Jason Walker is a Co-Founder of Thrive HR Consulting and a thought leader on the topic of HR Strategy and Execution. In this interview, he shares insights with The Industry Leaders about how to navigate uncertainty as a business leader.

Could you please share a bit about yourself, your background, and the journey that has led you to become an entrepreneur? What makes your perspective unique on the subject of leadership and navigating uncertainty?

I was always a very poor student in grade school, middle school and high school. I had undiagnosed learning disabilities that were detected later in life. Most people thought I was dumb and had a very low estimation of my abilities. So I was told virtually every day I was stupid and I would not amount to anything. Over time that took an emotional toll on me and I wondered how I was ever going to support myself and be able to live in society when I was considered dumb and nobody believed in me or wanted me.
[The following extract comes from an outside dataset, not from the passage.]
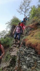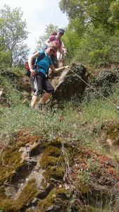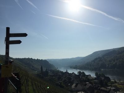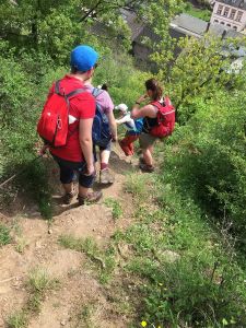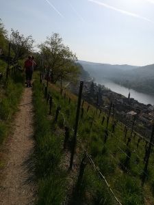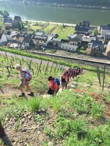 Am Sonntag ging es – mit bereits gepackten Koffern im Auto – nach Hatzenport, wo die vierstündige Wanderung startete. Der Wanderweg führte auf teilweise urwüchsigen Pfaden durch Weinberge, Wälder und Felder. Zwischendurch gab es als Belohnung immer wieder phantastische Ausblicke auf das Moseltal. Zum Ende der Tour stand dann noch ein bisschen “Nervenkitzel” auf dem Programm, als einige Kletterpassagen zu bewältigen waren. Zum Glück konnte der Steig aber auch umwandert werden, so dass einige Damen auf harmlosen Pfaden zum vorher vereinbarten Treffpunkt gelangen konnten. Nach einer letzten gemeinsamen Stärkung ging es dann zurück ins Sauerland.

It was very scary thinking what was I to become? Do I have a future? I learned that you have to forge your own journey in life and it only belongs to you. You can’t listen to others and you have to have a plan of what your destiny is going to be. It may be uncertain but if you have a plan you will get there.

You and your business have presumably faced some interesting challenges and changes over the years. Can you describe a key moment when you felt uncertainty was at its peak?

For me I fight uncertainty everyday if I am being honest with you. I always ask myself did I work hard enough? Why did that idea fail? Am I good enough to do this? I have to reassure myself with positive thoughts that I am moving in the right direction. My anxiety rears us when emails are not coming in, people are not asking us for support. I start to worry about what I am doing wrong. But I have to focus on the fact that the world does not run on my schedule. That if I have a plan and I am working it that all things will work out.

From your experience, what are the core principles or values that guide a leader during uncertain times?

Being honest and ethical everyday is a core principle for me. There is nothing more important than your family, friends and business associates knowing that you above reproach. If you have that principle even during uncertain times they will turn to you because they know they can count on you when things are not going well. You are not going to call the person who is a little bit shady when you are down and out.

How do you cultivate a culture of resilience and adaptability within your team? Can you share a practical example where this culture made a significant difference?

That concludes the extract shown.